Reactive oxygen species (ROS), including superoxide anion and hydrogen peroxide (H2O2), have a diverse array of physiological and pathological effects within living cells depending on the extent, timing, and location of their production. For measuring ROS production in cells, the ESR spin trapping technique using cyclic nitrones distinguishes itself from other methods by its specificity for superoxide and hydroxyl radical. However, several drawbacks, such as the low spin trapping rate and the spontaneous and cell-enhanced decomposition of the spin adducts to ESR-silent products, limit the application of this method to biological systems. Recently, new cyclic nitrones bearing a triphenylphosphonium (Mito-DIPPMPO) or a permethylated β-cyclodextrin moiety (CD-DIPPMPO) have been synthesized and their spin adducts demonstrated increased stability in buffer. In this study, a comparison of the spin trapping efficiency of these new compounds with commonly used cyclic nitrone spin traps, i.e., 5,5-dimethyl-1-pyrroline N-oxide (DMPO), and analogs BMPO, DEPMPO, and DIPPMPO, was performed on RAW 264.7 macrophages stimulated with phorbol 12-myristate 13-acetate.
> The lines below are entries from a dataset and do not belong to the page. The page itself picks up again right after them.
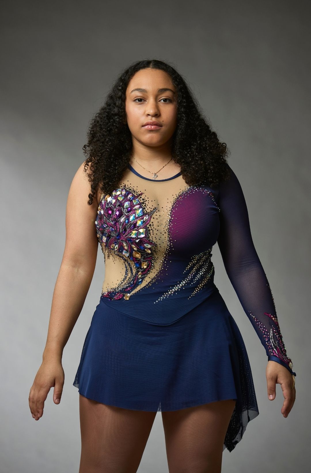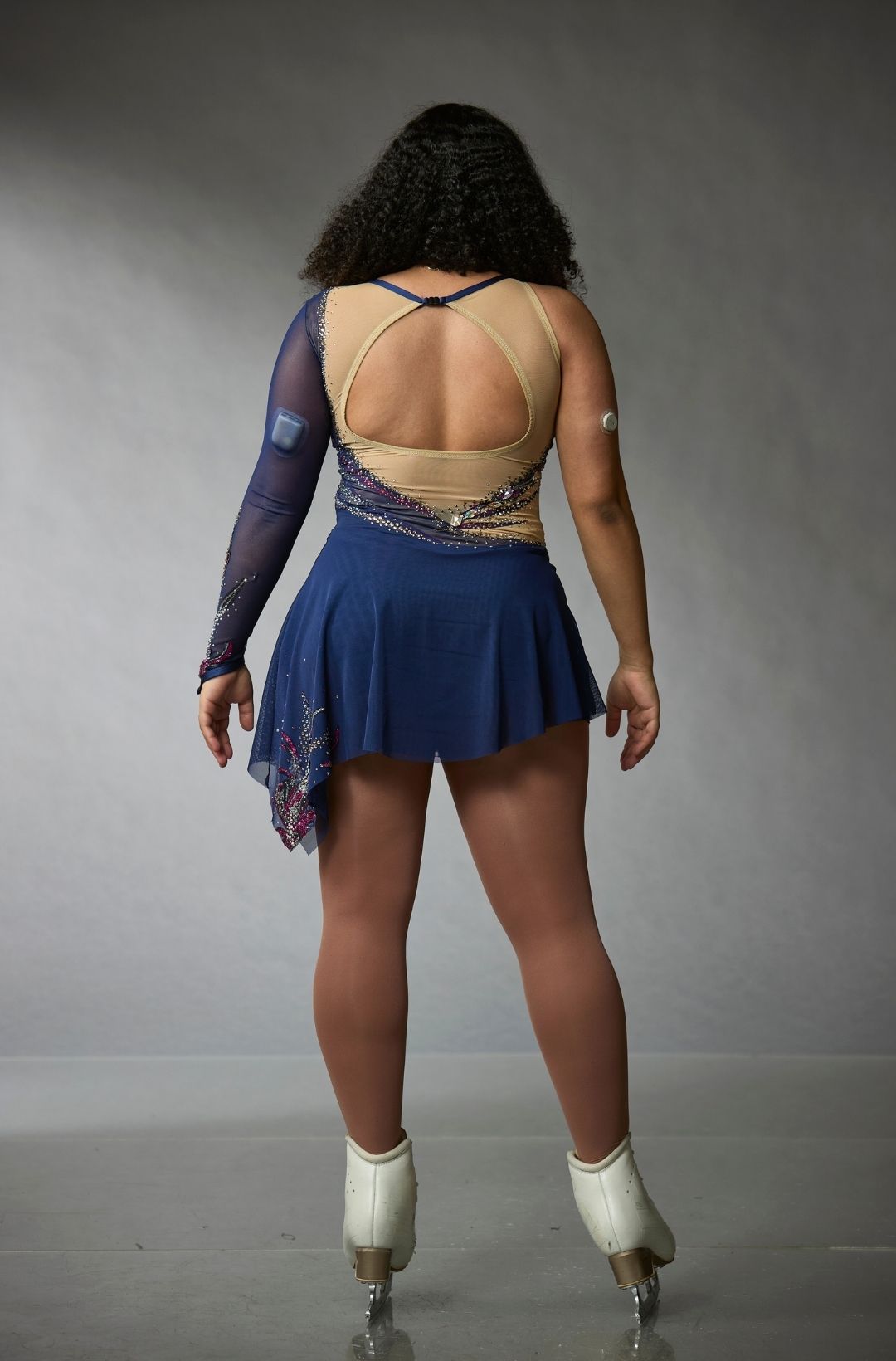 Unique figure skating competition dress adorned with crystals in various sizes and colours. The mesh bodice features a navy-to-pink gradient, and the oblong mesh skirt adds fluidity to the design. The dress has one long mesh sleeve, while the other shoulder is left bare, and the back features an open design. From the One of a Kind collection by Elite Xpression.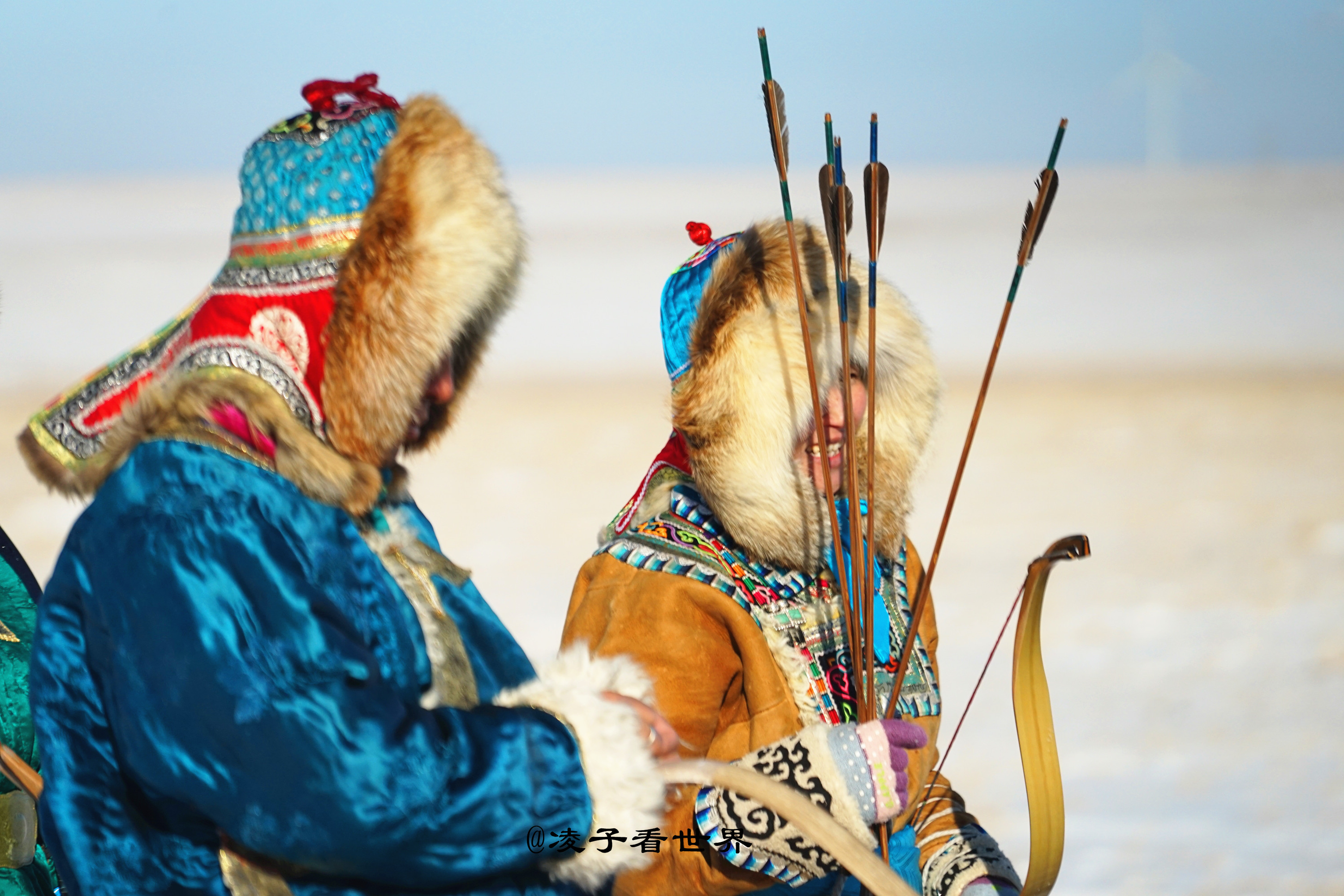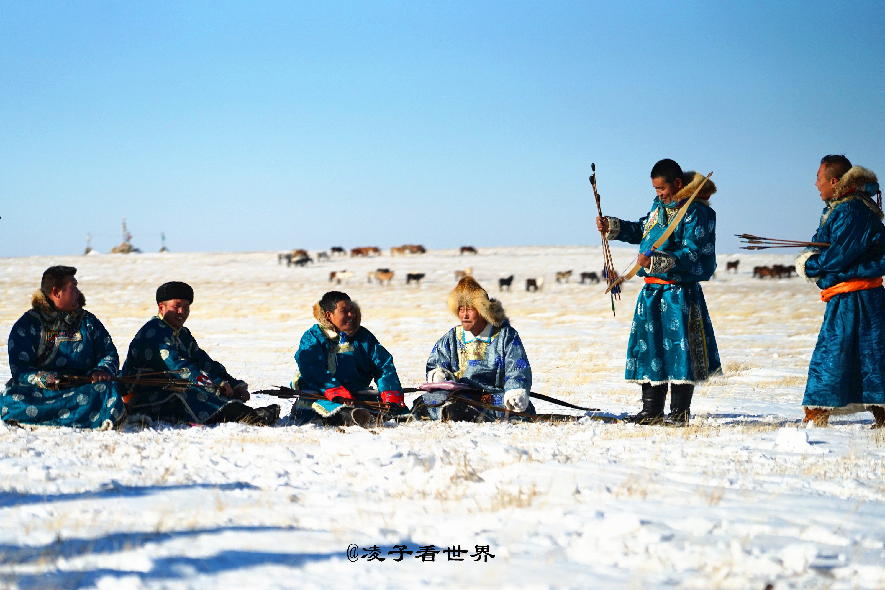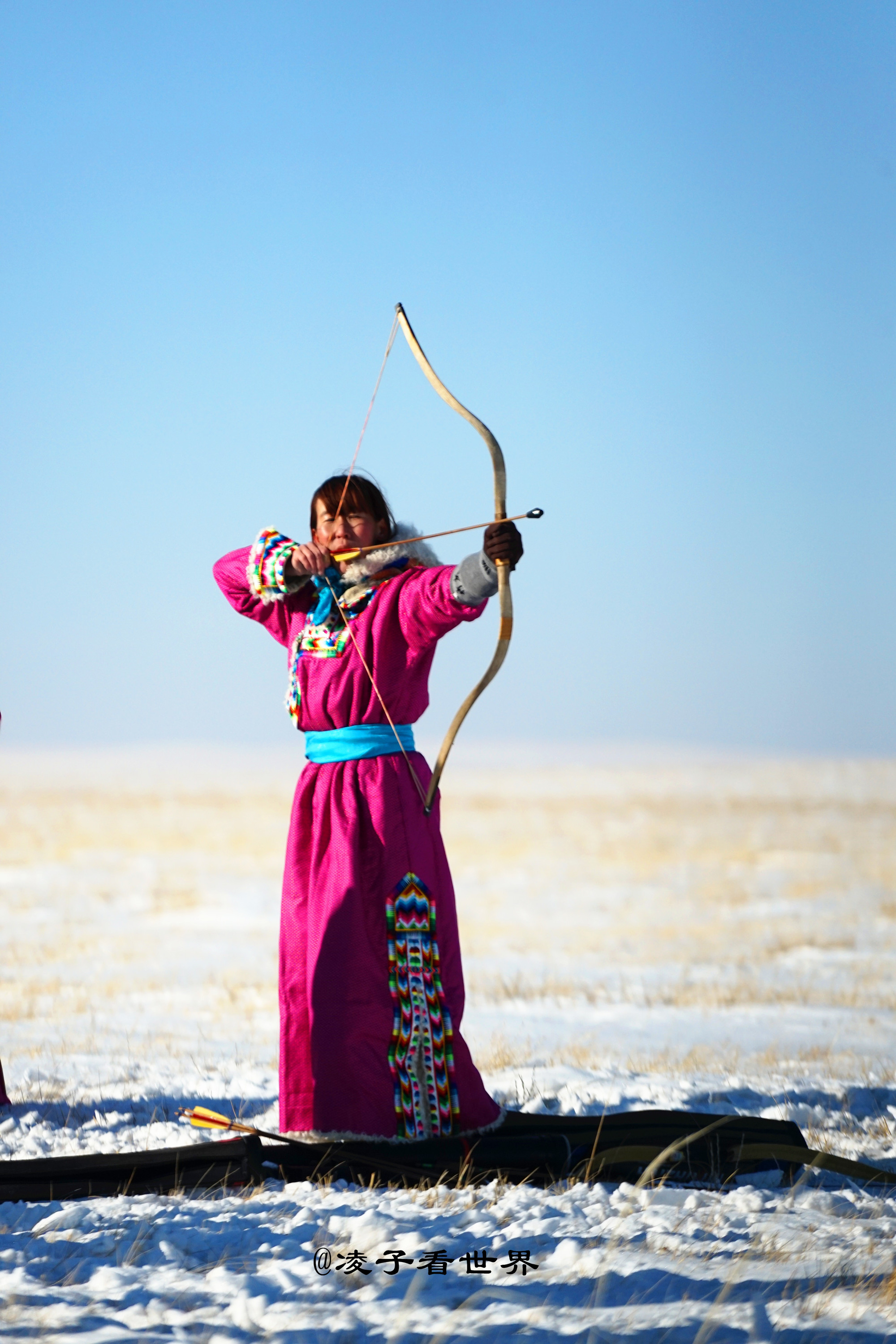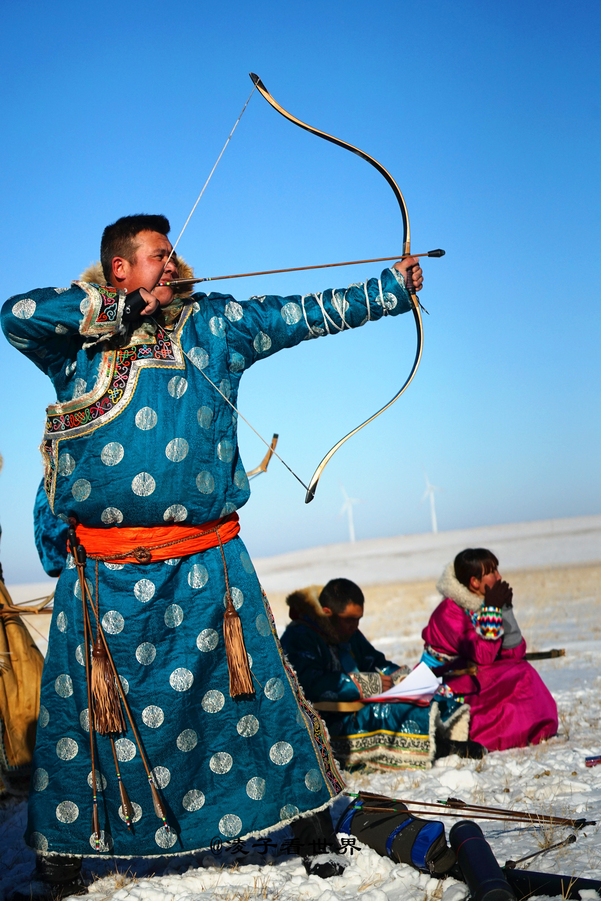 只见雪地里拉弓射箭的女人身着鲜艳的蒙古族盛装,拉起满月弓也是英姿飒爽,巾帼不然须眉啊,很轻松的就把箭射向靶心。男人也是盛装出席,一个个威猛高大。这次他们玩的射箭靶心是活动的,箭中靶心会自动掉下来。射箭也是蒙古族最擅长的,以前游牧民族以放牧和游猎为经济来源,所以这项技能也就流传了下来,射箭比赛不分男女老少,参赛者自备马匹和弓箭,弓箭的样式,弓的拉力以及箭的长度和重量均无限制。比赛的规则是三轮九箭,即每人每轮只许射三支箭,以三次合计中靶次数最多的依次评出前三名。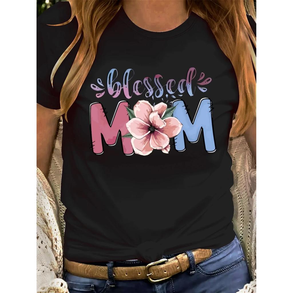 Women's Blessed Mom Graphic Tee Short Sleeve Round Neck Casual Sporty Style Perfect for Spring Summer Multiple Colors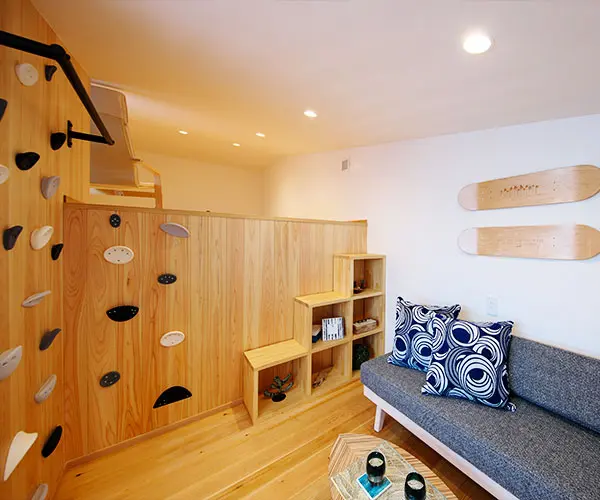 寝室からの階段を上がると、ご主人のためのこもれる書斎と体を鍛えるためのボルダリングや筋トレスペースを設けました。ロフトはご主人だけでなく、子供部屋などにもおすすめの間取りです。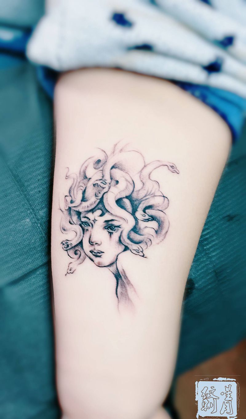 当前位置: 首页 >山东省潍坊市纹身店-星月纹刺纹身图案>美杜莎纹身图片_手臂点刺纹身图案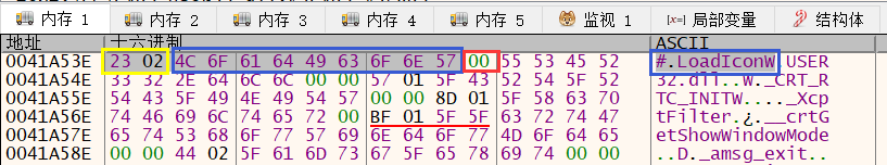 上图黄色部分是编译器生成的,而蓝色部分则为LoadIconW字符串与FirstThunk中的0041A15C地址指针是相互对应的,而最后面的00则表明字符串的结束,对比以下结构声明就很好理解了。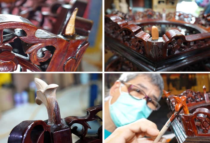 黏著前由修復師先在缺失處塗上隔離層,並在底部黏著一小塊Milliput環氧補土後,將仿作的木筆花黏著上去,再進行外形雕塑修飾及全色處理。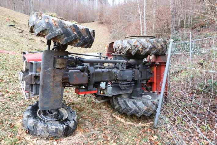 Der Traktor rutschte ab, überschlug sich mehrfach und begrub schliesslich den 72-Jährigen unter sich, der in der Folge noch vor Eintreffen der Rettungskräfte am Unfallort verstarb. Am Traktor entstand Totalschaden.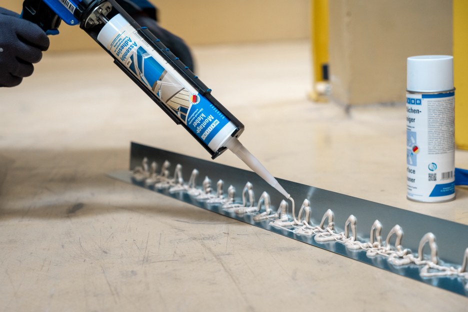Schneller und haftstarker Kontaktklebstoff auf der Basis von Synthesekautschuk für Verklebungen im Innen- und Außenbereich. Der elastische 1-K Montageklebstoff kann auf vielen Materialien, wie Holz und Holzfaserplatten, MDF und OSB-Platten, Dekorplatten, Stahl, Aluminium, Kunststoff, PVC, Gips, Gipskarton, Keramik, Mauerwerk, Fliesen, Stein sowie Beton zum Einsatz kommen. Der Klebstoff eignet sich zur schnellen und dauerhaften Befestigung von Sockelleisten, Paneelen, Fußbodenelementen, Wandverkleidungen, Fensterböden, Türschwellen, Holztürfutter, Zierprofilen u. v. m.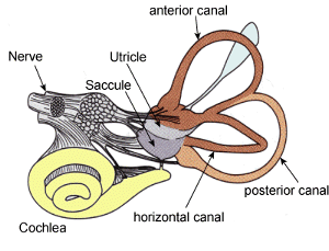 The vestibular system, which contributes to our balance and our sense of spatial orientation, is the sensory system that provides the dominant input about movement and equilibrioception. Together with the cochlea, a part of the auditory system, it constitutes the labyrinth of the inner ear, situated in the vestibulum in the inner ear (Figure 1). As our movements consist of rotations and translations, the vestibular system comprises two components: the semicircular canal system, which indicate rotational movements; and the otoliths, which indicate linear accelerations. The vestibular system sends signals primarily to the neural structures that control our eye movements, and to the muscles that keep us upright. The projections to the former provide the anatomical basis of the vestibulo-ocular reflex, which is required for clear vision; and the projections to the muscles that control our posture are necessary to keep us upright.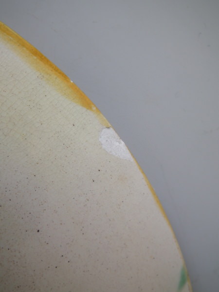 Cream ground version. Colouration: pink, green, ochre, are predominant.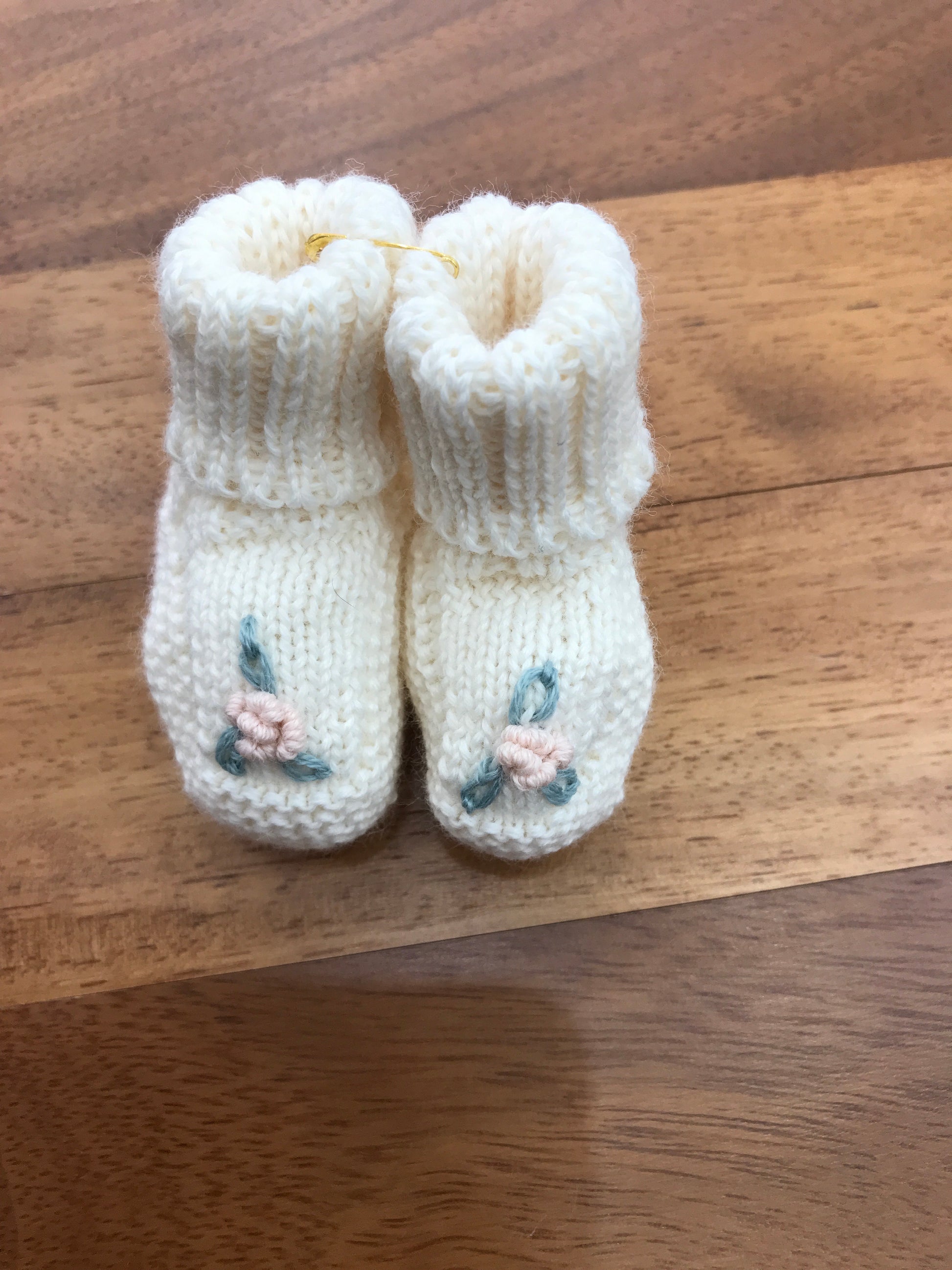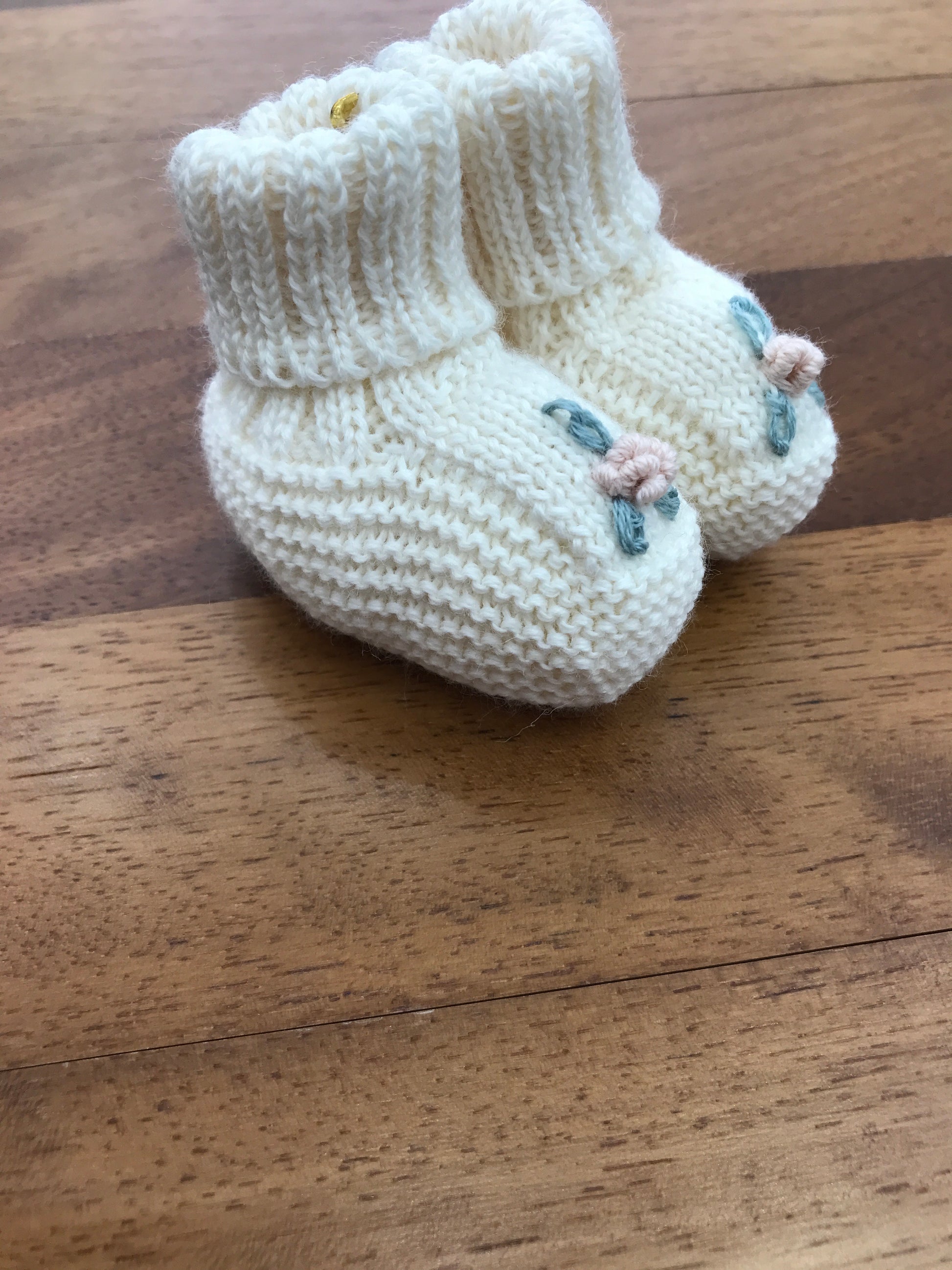 Babbucce realizzate in misto lana, caratterizzate da un delicato risvolto e impreziosite da una rosa ricamata sulla parte anteriore.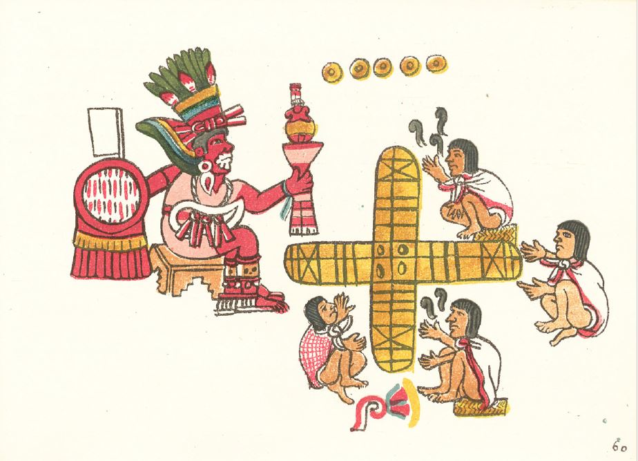 The number 5 in this case references the “fifth cup” which symbolised overindulgence and the descent into inebriation. Drunkenness was frowned upon in Aztec society (particularly by the Mexica). Public drunkenness was punished by a beating and repeat infractions (except by the elderly who were generally exempt from the rule) could even result in death. The fifth cup involved the drinking of octli (or pulque), four cups was considered allowable but the fifth cup was the one that intoxicated. This goes back to the legend of Quetzalcoatl who was tricked into drinking a fifth cup of pulque which resulted in his drunkenness and having sexual relations with his sister; the shame of which resulted in him abandoning his people.

Our results show that Mito-DIPPMPO and CD-DIPPMPO enable a higher detection of superoxide adduct, with a low (if any) amount of hydroxyl adduct. CD-DIPPMPO, especially, appears to be a superior spin trap for extracellular superoxide detection in living macrophages, allowing measurement of superoxide production in unstimulated cells for the first time. The main rationale put forward for this extreme sensitivity is that the extracellular localization of the spin trap prevents the reduction of the spin adducts by ascorbic acid and glutathione within cells.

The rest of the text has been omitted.